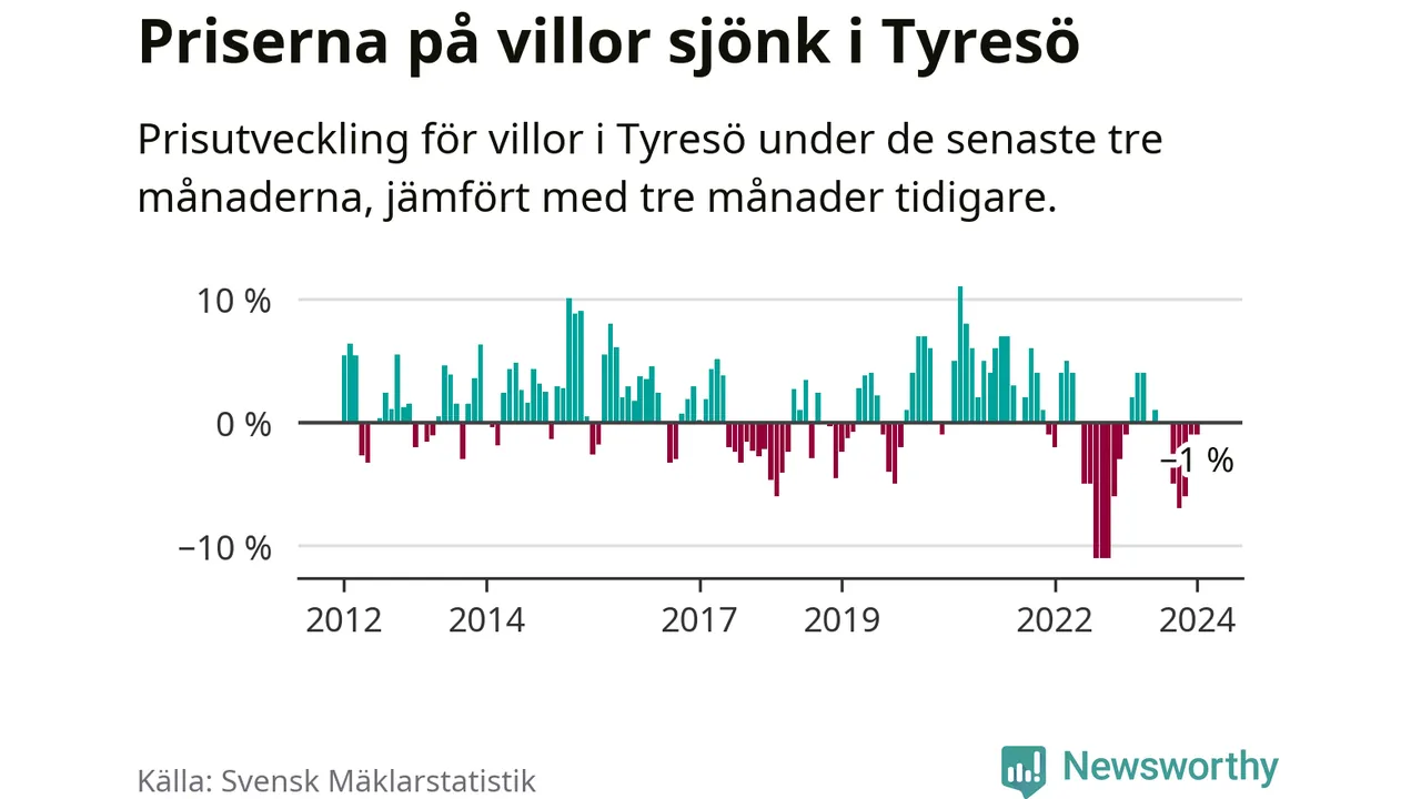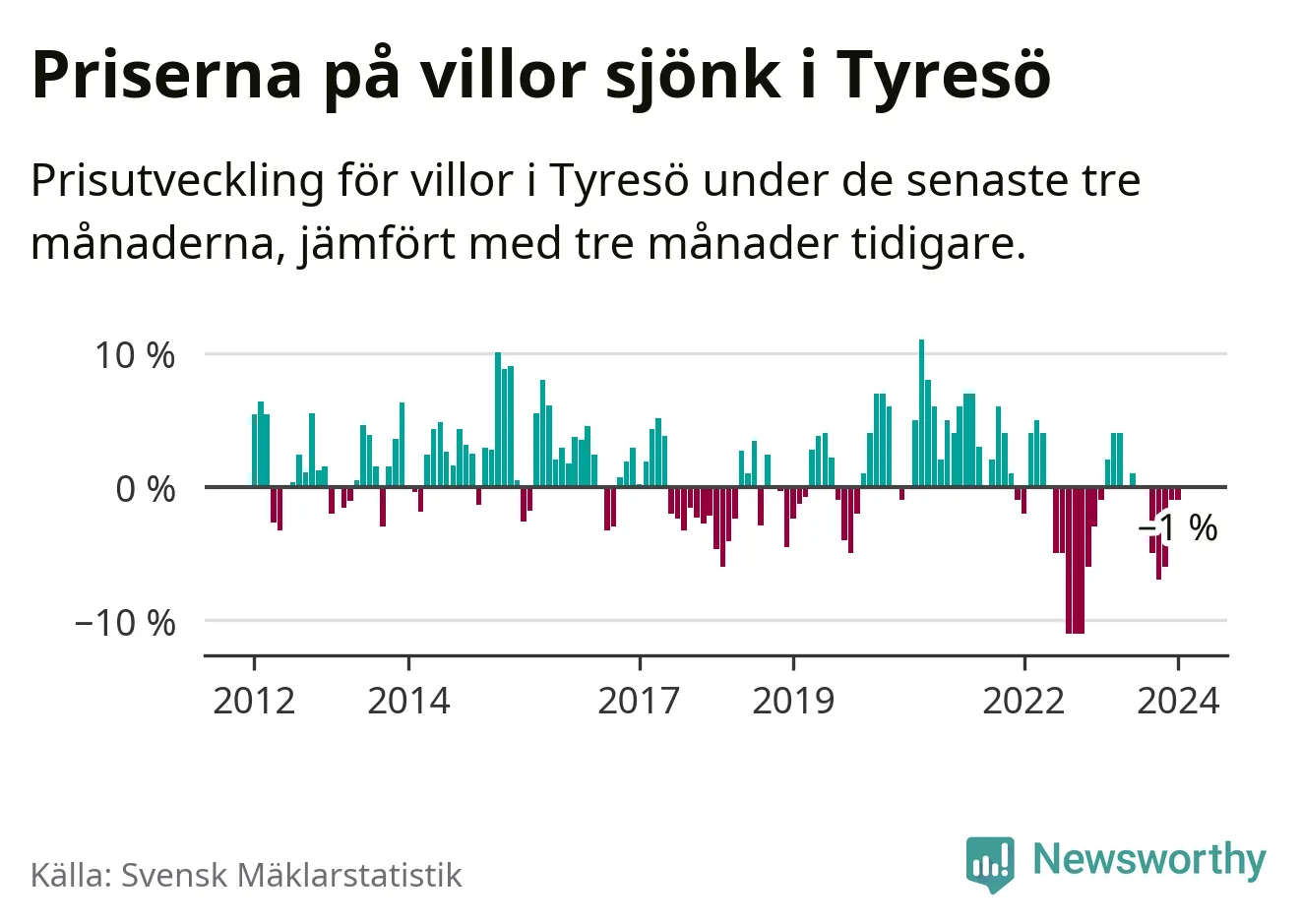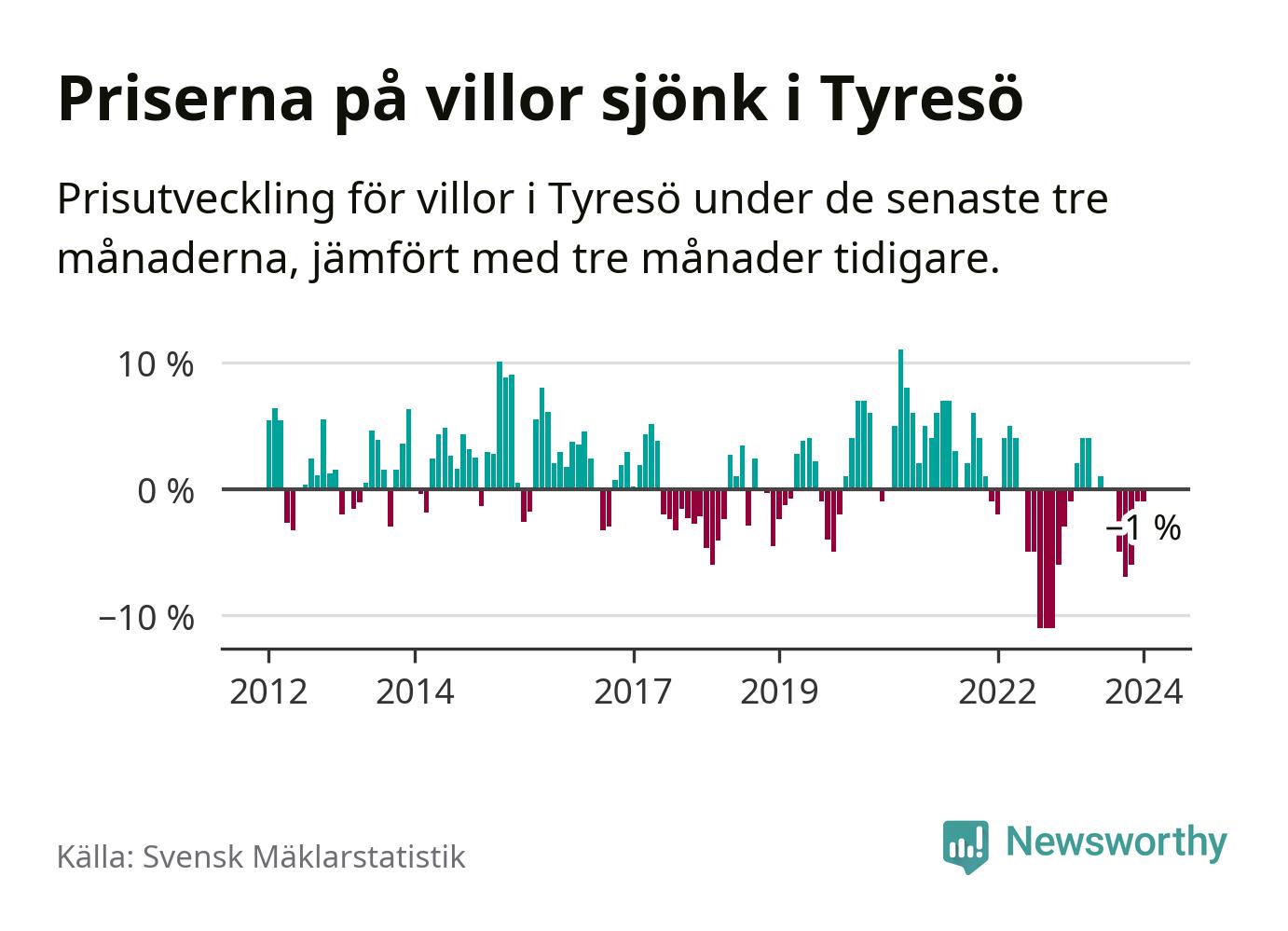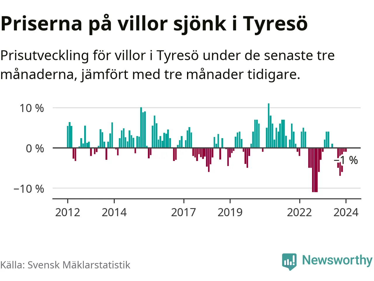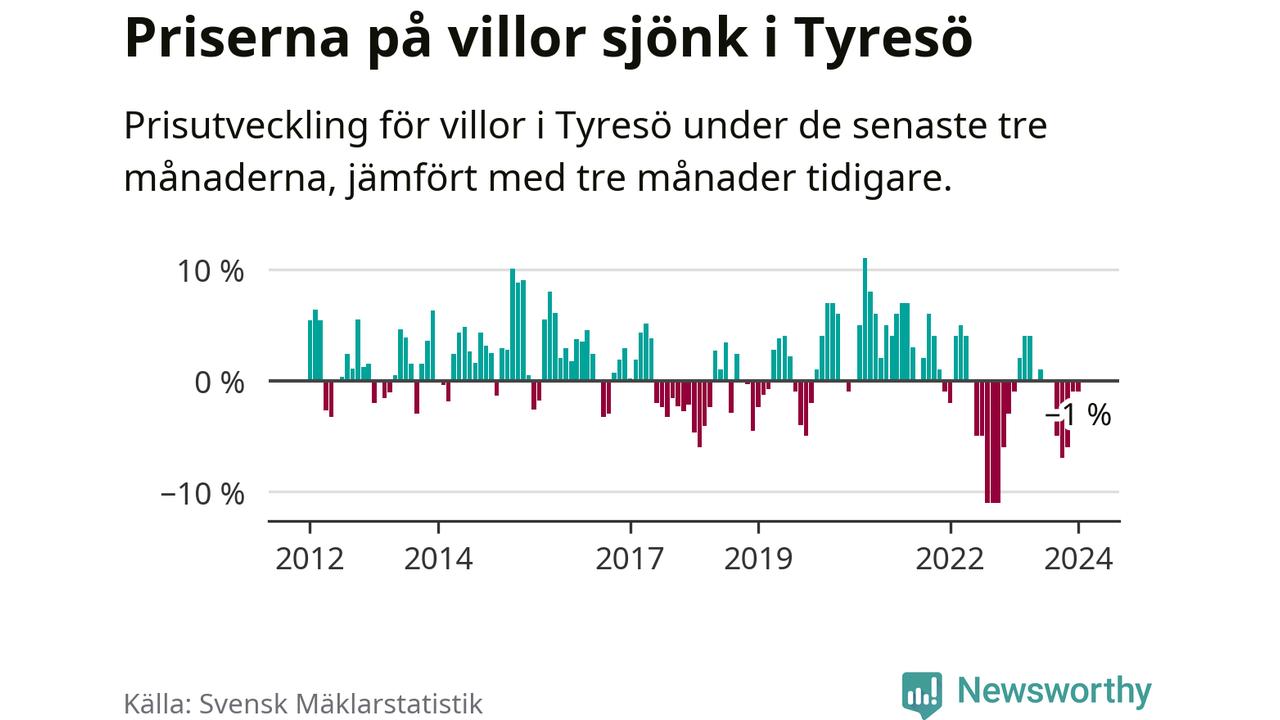 Villapriserna har gått ner i Tyresö kommun. Medelpriset på försäljningarna under de senaste tre månaderna visar på en nedgång med 1 procent.
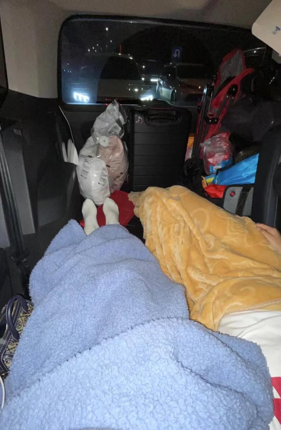 不能挪动,更不能登船,我们只能一直在自己的车上滞留,饿了就在车上吃点零食、速食;上厕所就去马路对面的水果摊,还要收费2元一场;还好行李箱里有预备的衣服、毯子,我们就把座椅放倒,在简易的车座上过了一夜。
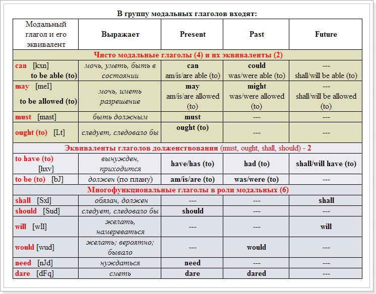Модальные глаголы с переводом и транскрипциейМодальные глаголы, назначение и употребление которых возможно только с присутствием в предложении инфинитива. При этом в наличии частицы toнет необходимости.

____________

## Problem to work on
Once the images are dropped, set down the remaining material word for word.

## Finished task
 Villapriserna har gått ner i Tyresö kommun. Medelpriset på försäljningarna under de senaste tre månaderna visar på en nedgång med 1 procent.
 不能挪动,更不能登船,我们只能一直在自己的车上滞留,饿了就在车上吃点零食、速食;上厕所就去马路对面的水果摊,还要收费2元一场;还好行李箱里有预备的衣服、毯子,我们就把座椅放倒,在简易的车座上过了一夜。
Модальные глаголы с переводом и транскрипциейМодальные глаголы, назначение и употребление которых возможно только с присутствием в предложении инфинитива. При этом в наличии частицы toнет необходимости.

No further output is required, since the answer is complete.